Problem
Over the course of working with a LIT tests system in LLVM, many times I was frustrated with the way FileCheck behaves. Personally, I find FileCheck to be way too “forgiving” [1] i.e. it does not really sanitize its input. As a result, one opens up the tests to bugs. Latest examples that I’ve encountered:
CHEKC- typos not “caught” and as a result the written test effectively does nothing. Examples in main branch of LLVM: #1, #2, #3, there are more. Common typos from my experience areCHEKC,CHECK-SAEM, etc.CHECK-DAG- is a very special command that doesn’t play well with anything else. For example, writing a CHECK-SAME after CHECK-DAG produces no error, yet CHECK-SAME does nothing - because support for CHECK-SAME is not implemented for CHECK-DAG (at least as far as I understand the situation). After a brief search, I do not see misuses of CHECK-DAG in LLVM but I’ve seen it multiple times in our downstream.CHECK-NOT- is also very special as its semantics is “the specified line is not present at this position”. In a large enough test, this semantics can often become an accidental test bug. Consider:
// Note: this is pseudo-MLIR example
%0 = foo(...)
%1 = bar(%0)
// succeeds:
// CHECK: bar
// CHECK-NOT: foo
// fails:
// CHECK-NOT: foo
// CHECK: bar
CHECK-SAME-LITERAL- is a “syntax error” as the intended command isCHECK-SAME{LITERAL}. As in the case of typos, such line seems to be ignored.- I do not recall more misusages from the top of my head but I could imagine they exist
Proposal
My proposal is to enhance the FileCheck tool by adding sanity checks (such as “is there a typo in the keyword?”), syntax checks and “workflow” logical checks (such as “for CHECK-SAME is there a preceding CHECK?”) that run before the tool starts to analyse the given text.
- For typos, et. al the process could follow an “is it a duck” test (i.e. “if it looks like a duck and it sounds like a duck, it’s most likely a duck”): if there’s a line that could almost be treated as a command, it is a command. Consider:
// CHEKC: ...
^ ^ ^^^^
| | the word immediately follows and is "similar" to --check-prefix value
| has a whitespace (" ") right after
starts with "//"
-> decision: IS a misspelled command
// the next line is run through CHEKC:
^^^^^
the word doesn't immediately follow
-> decision: is NOT a misspelled command
For the “approximation” algorithm, one may have something like a Levenshtein_distance based heuristic (actually, could we ask linting experts within LLVM for a good algorithm here - this is a task that’s generally solved by linters/IDEs/etc.?).
Thus, if a misspelled command, an error is produced and the test fails.
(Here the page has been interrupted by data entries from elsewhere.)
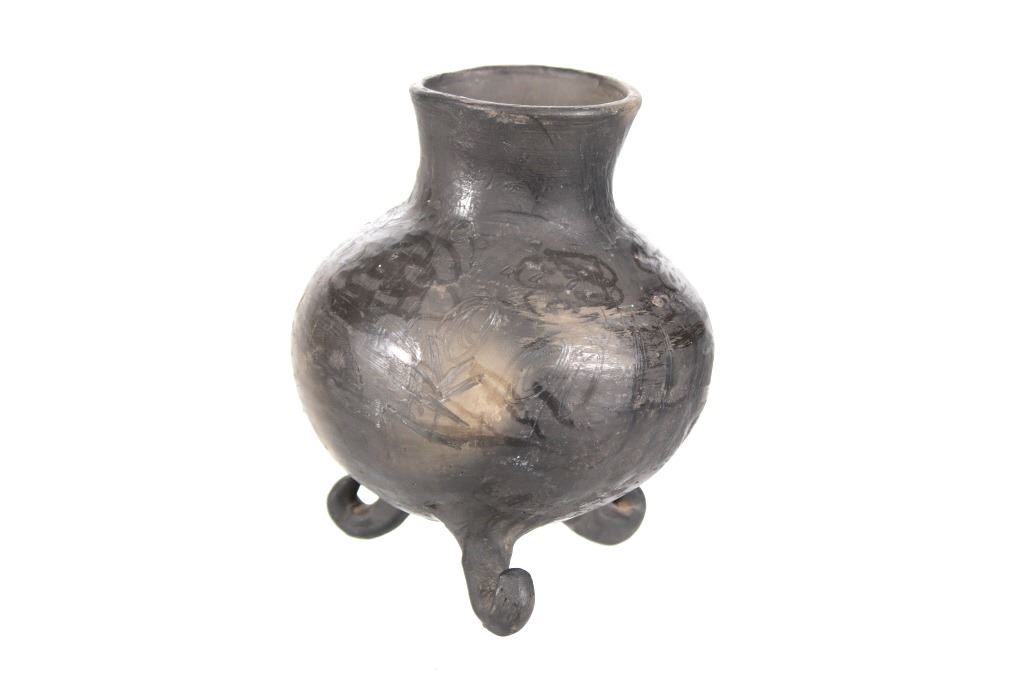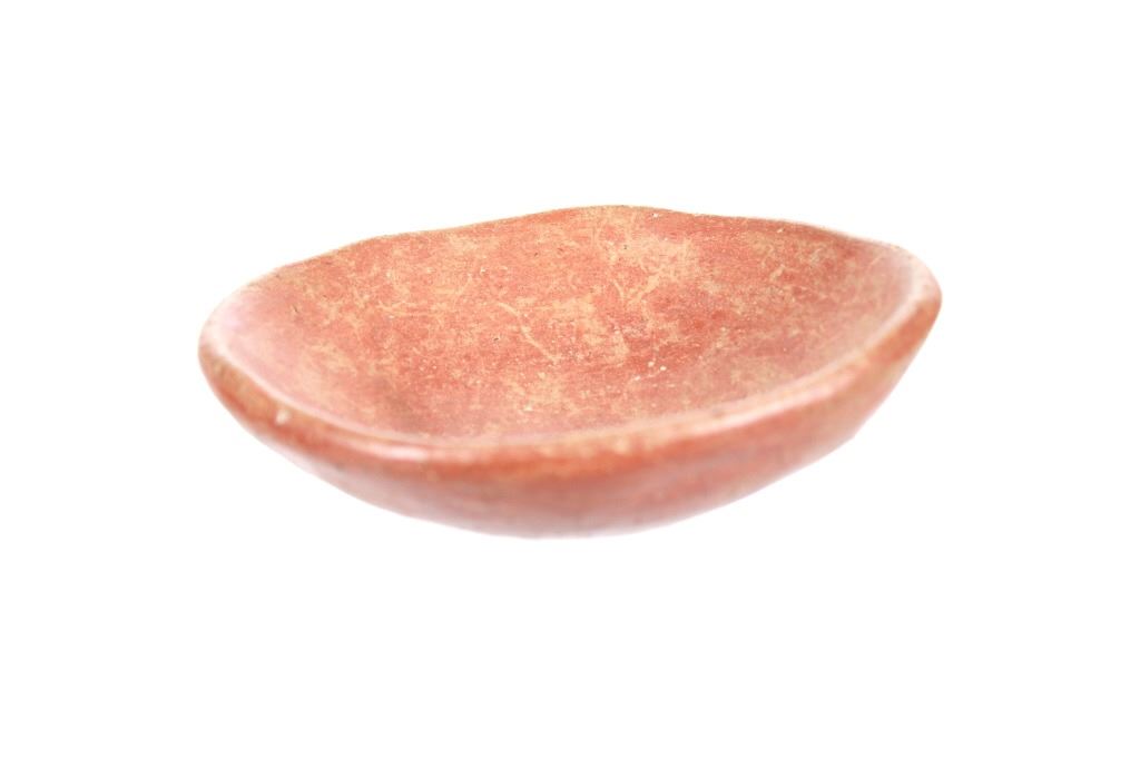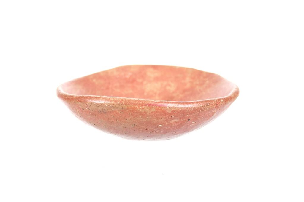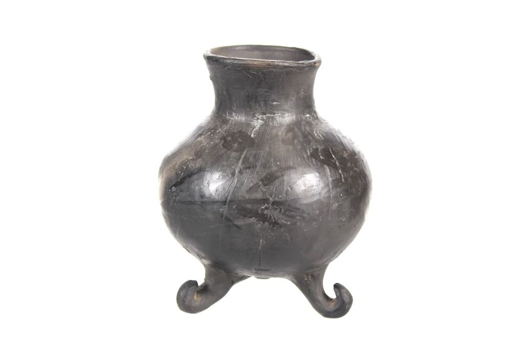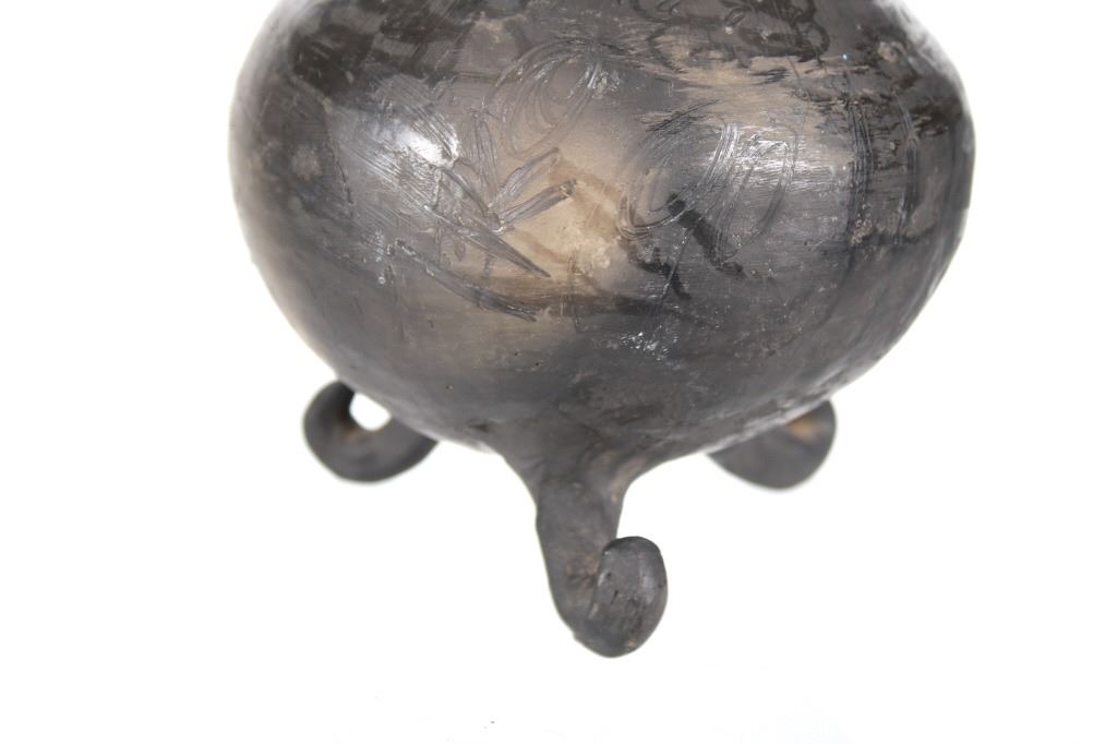 Included in this lot are Two (2) Pre-Columbian Chimu (Chimor) Culture Pottery Bowls, circa 900-1470 AD. The largest bowl is Chimu black-ware, best known and most common in Peruvian pre-Columbian tradition. The black color was achieved by firing the ceramic under conditions of limiting oxygen, thereby generating soot that bound to the vessel surface. The pottery was burnished after firing to produce the shiny black surface. The smaller bowl is red-ware. The Chimú people are best known for their distinctive monochromatic pottery. Decorative designs have faded inside smaller bowl, floral and geometric designs are still visible on larger 3-footed black-ware. Minimal scuffing / chipping observed on either piece. Black-ware measures 5.5"H x 4.25" diameter, red-ware is 5" diameter x 1.5"H; total weight is 1lb, 2oz.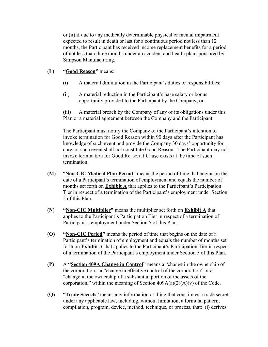 or (ii) if due to any medically determinable physical or mental impairment expected to result in death or last for a continuous period not less than 12 months, the Participant has received income replacement benefits for a period of not less than three months under an accident and health plan sponsored by Simpson Manufacturing. (L) “Good Reason” means: (i) A material diminution in the Participant’s duties or responsibilities; (ii) A material reduction in the Participant’s base salary or bonus opportunity provided to the Participant by the Company; or (iii) A material breach by the Company of any of its obligations under this Plan or a material agreement between the Company and the Participant. The Participant must notify the Company of the Participant’s intention to invoke termination for Good Reason within 90 days after the Participant has knowledge of such event and provide the Company 30 days’ opportunity for cure, or such event shall not constitute Good Reason. The Participant may not invoke termination for Good Reason if Cause exists at the time of such termination. (M) “Non-CIC Medical Plan Period” means the period of time that begins on the date of a Participant’s termination of employment and equals the number of months set forth on Exhibit A that applies to the Participant’s Participation Tier in respect of a termination of the Participant’s employment under Section 5 of this Plan. (N) “Non-CIC Multiplier” means the multiplier set forth on Exhibit A that applies to the Participant’s Participation Tier in respect of a termination of Participant’s employment under Section 5 of this Plan. (O) “Non-CIC Period” means the period of time that begins on the date of a Participant’s termination of employment and equals the number of months set forth on Exhibit A that applies to the Participant’s Participation Tier in respect of a termination of the Participant’s employment under Section 5 of this Plan. (P) A “Section 409A Change in Control” means a “change in the ownership of the corporation,” a “change in effective control of the corporation” or a “change in the ownership of a substantial portion of the assets of the corporation,” within the meaning of Section 409A(a)(2)(A)(v) of the Code. (Q) “Trade Secrets” means any information or thing that constitutes a trade secret under any applicable law, including, without limitation, a formula, pattern, compilation, program, device, method, technique, or process, that: (i) derives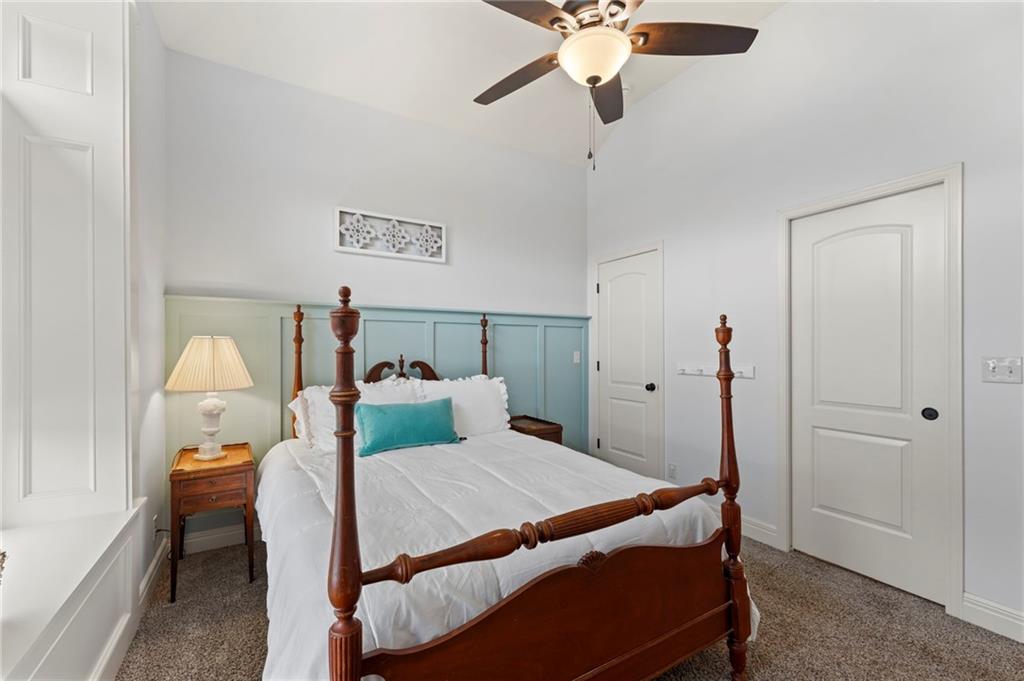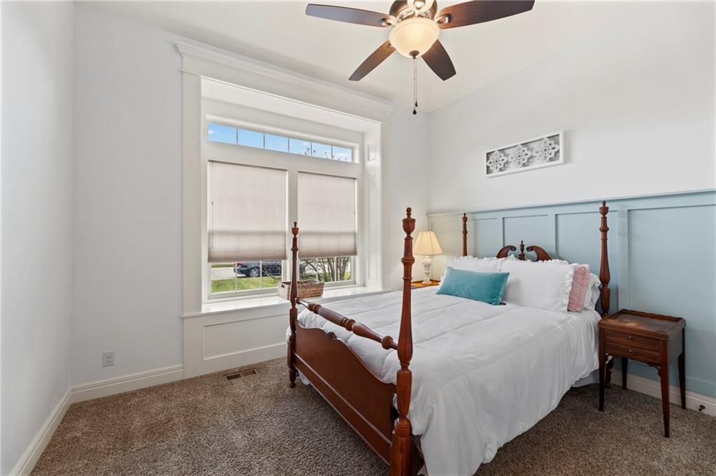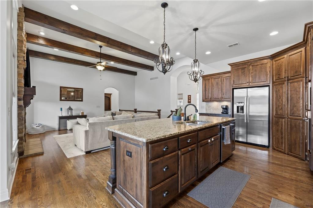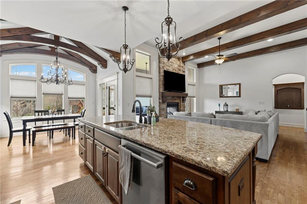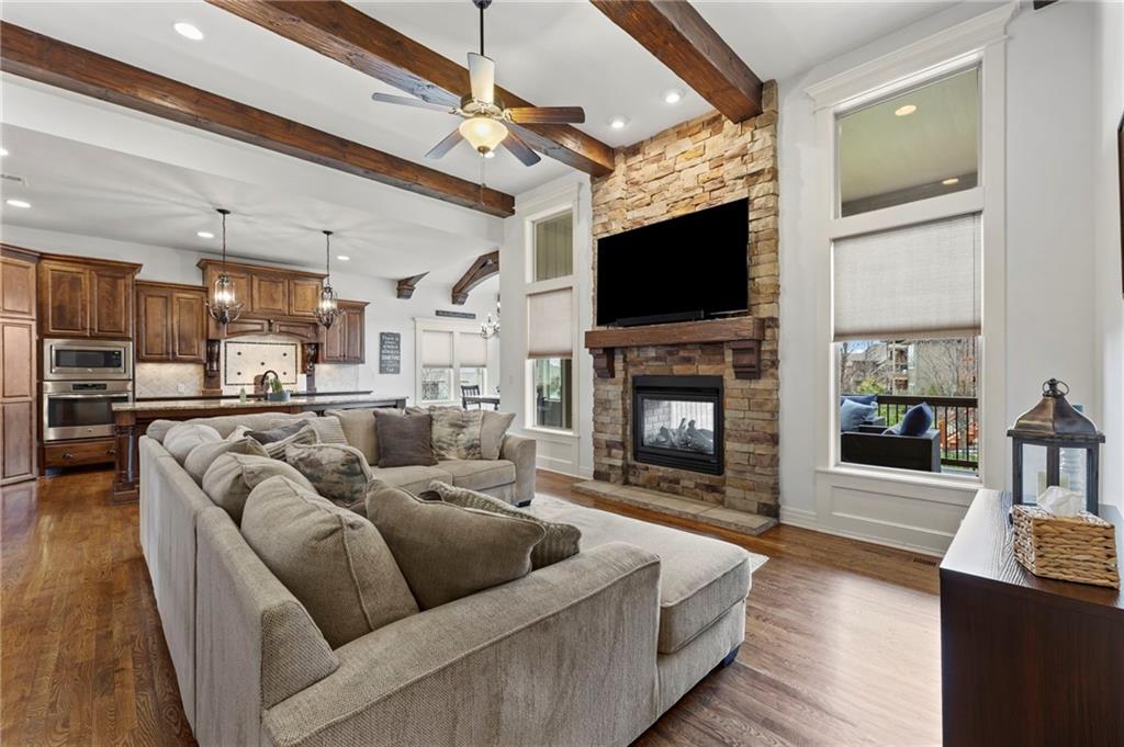 This fabulous Reverse 1.5 Story offers a blend of Craftsman detail and modern comfort. The open-concept layout features vaulted ceilings with exposed beams, hardwood floors, and a floor-to-ceiling stone, see-through fireplace creating a seamless indoor-outdoor connection. The spacious kitchen offers a large granite island, custom cabinetry, built-in appliances, and a walk-in pantry. Dining area is filled with natural light and connects seamlessly to the main living space. Spacious primary suite features tray ceilings and a well-appointed bath with granite double vanity, soaking tub, and walk-in shower, along with a generous walk-in closet. A second bedroom is located on the main level. The finished walkout lower level includes two additional bedrooms with large walk-in closets, a family room, and a full wet bar, offering excellent space for entertaining and everyday living with easy access to outdoor areas. Located in the desirable Southbridge/Stonebridge community, residents enjoy access to multiple neighborhood amenities including four zero-entry pools (one Junior Olympic size), two clubhouses with fitness facilities, playgrounds, pickleball courts, volleyball areas, and connected walking trails. Just minutes away, Heritage Park offers over 1,200 acres of recreation including a 40-acre lake, off-leash dog park, disc golf course, golf course and driving range, picnic shelters, trails, and multiple athletic fields for soccer, football, and more. Convenient access to nearby shopping, dining, and major highways adds to the appeal, making this location ideal for both everyday living and easy commuting.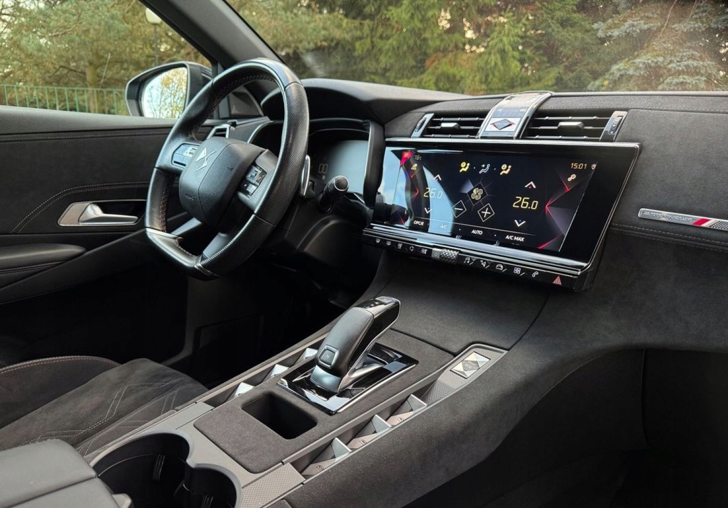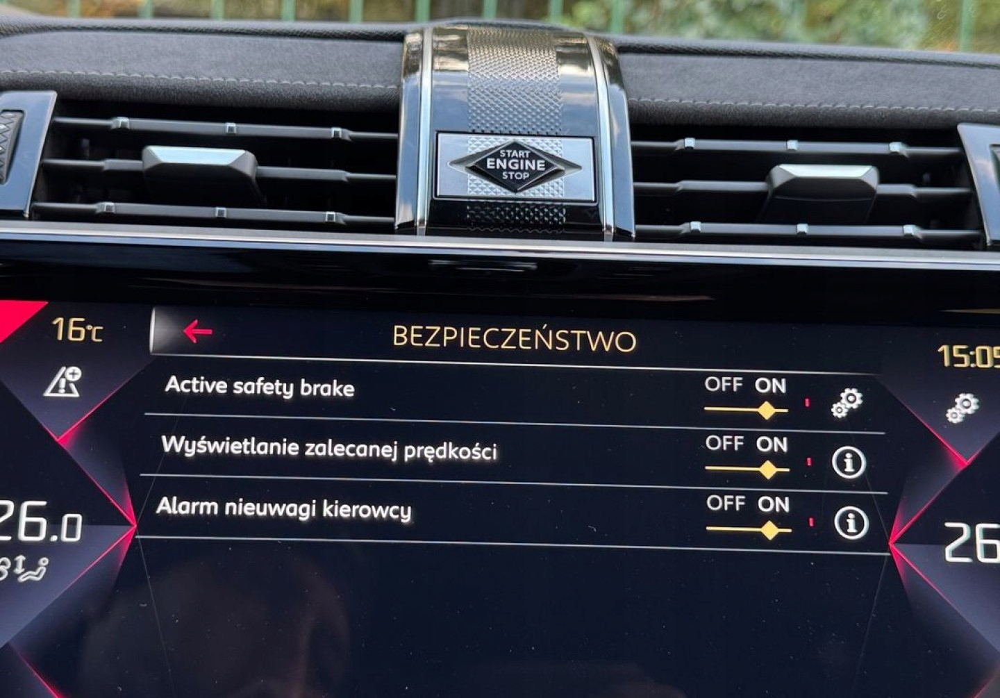 ABS, ASR (kontrola trakcji), Asystent pasa ruchu, Czujnik deszczu, Czujniki parkowania przednie, Czujniki parkowania tylne, Czujnik zmierzchu, ESP (stabilizacja toru jazdy), Isofix, Kamera cofania, Kurtyny powietrzne, Poduszka powietrzna chroniąca kolana, Poduszka powietrzna kierowcy, Poduszka powietrzna pasażera, Poduszki boczne przednie, Poduszki boczne tylne, Elektryczne szyby przednie, Elektryczne szyby tylne, Elektrycznie ustawiane lusterka, Podgrzewana przednia szyba, Podgrzewane lusterka boczne, Przyciemniane szyby, Tapicerka alcantara, Wielofunkcyjna kierownica, Wspomaganie kierownicy, Zawieszenie adaptacyjne, Skórzana kierownica, Bluetooth, Gniazdo USB, Nawigacja GPS, Radio fabryczne, Alufelgi, Bezkluczykowy dostęp, Elektrochromatyczne lusterka boczne, Łopatki zmiany biegów, Ogranicznik prędkości, System Start-Stop, Tempomat aktywny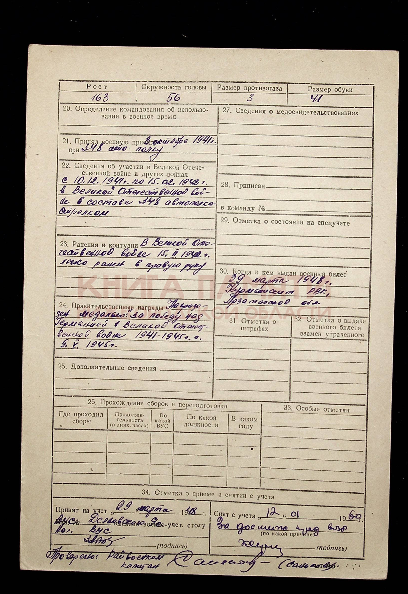 Жил в д. Б.Ртишево, окончил 3 класса, гражданская специальность - путеец, женат. После войны работал в колхозе "Путь к коммунизму".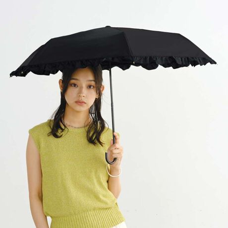 大人かわいいフリルが大人気!完全遮光100%生地を使用したフェミニンな折りたたみ日傘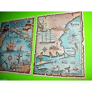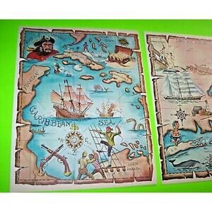 Set of (2) matching vintage art prints. Size is 10 1/4 inch X 13 1/8 inch each. They have nice color and have the Pirates of the Caribbean / treasure maps / sea monsters theme. Ready for framing. They are in near mint condition with mild age wear. See photos.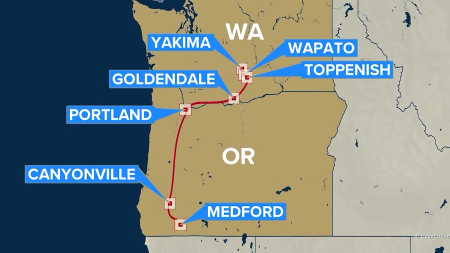 Cities in Washington and Oregon where Aurelio Escobar is believed to have carjacked or attempted to switch vehicles.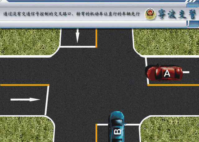 【事故情形】:在沒有交通信號控制的交叉路口,A車轉彎時與其他方向進入路口直行的B車發生事故。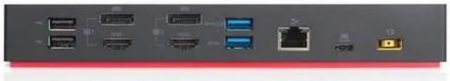 Ports: 1x Gigabit Ethernet; 2x Display Port; 2x HDMI Port; 1x Stereo/Mic Combo Audio Port. Enterprise-class universal docking. Supports ThinkPad RapidCharge. Works with older Lenovo and non-Lenovo laptops. Can charge mobile devices with 15W and 10.5W from USB-C port and USB 3.0 always power-on port respectively.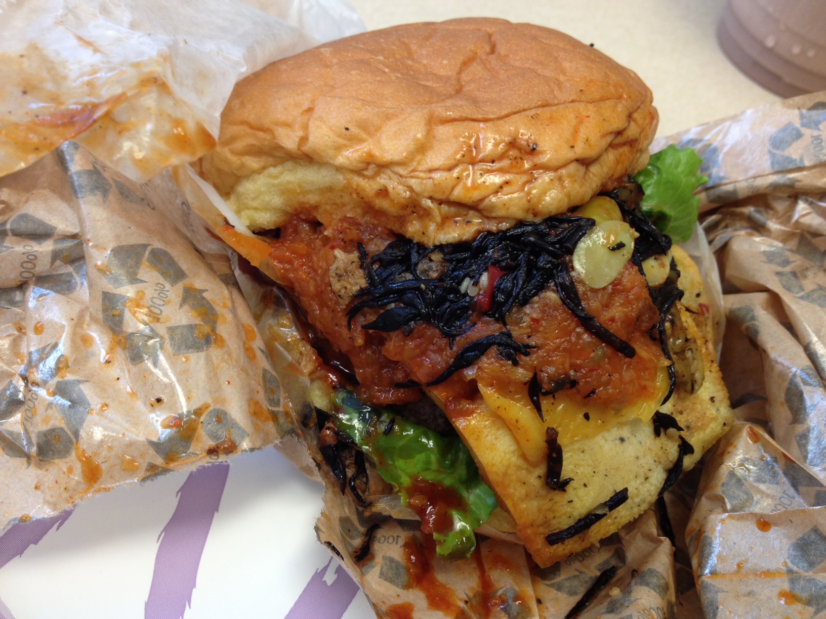 Back in the day, I had fallen in love with the Bibimbap Burger at Social Eatz (RIP), so the idea of an Asian fusion burger really appealed to me. After some deliberation, I ordered the Korean BBQ burger ($9.75), which has kimchi aioli, pickled carrots, hijiki lettuce, and Thai tamago. I also got a small order of fries with a spicy honey mayo sauce ($3.50) and a chocolate milkshake ($6.00). There wasn’t much of wait at all to place my order, but it took just under ten minutes before the food was ready.

- The next phase, assuming typos are eliminated due to the procedure above, is to ensure no syntax errors such as CHECK-LITERAL vs CHECK{LITERAL} or CHECK- (with an extra
-).
Given that we “know” the command (it is “parsed” successfully), any later deviation is unexpected and constitutes a failure. In general, I guess this forces one to have a full-blown parser but given that the FileCheck “API” is rather minimalistic, perhaps we could have a set of “possible results” hardcoded and that would already be sufficient.
- To counter logical errors (such as “CHECK-SAME cannot follow CHECK-DAG”), it seems reasonable to hold a stack-based state of commands.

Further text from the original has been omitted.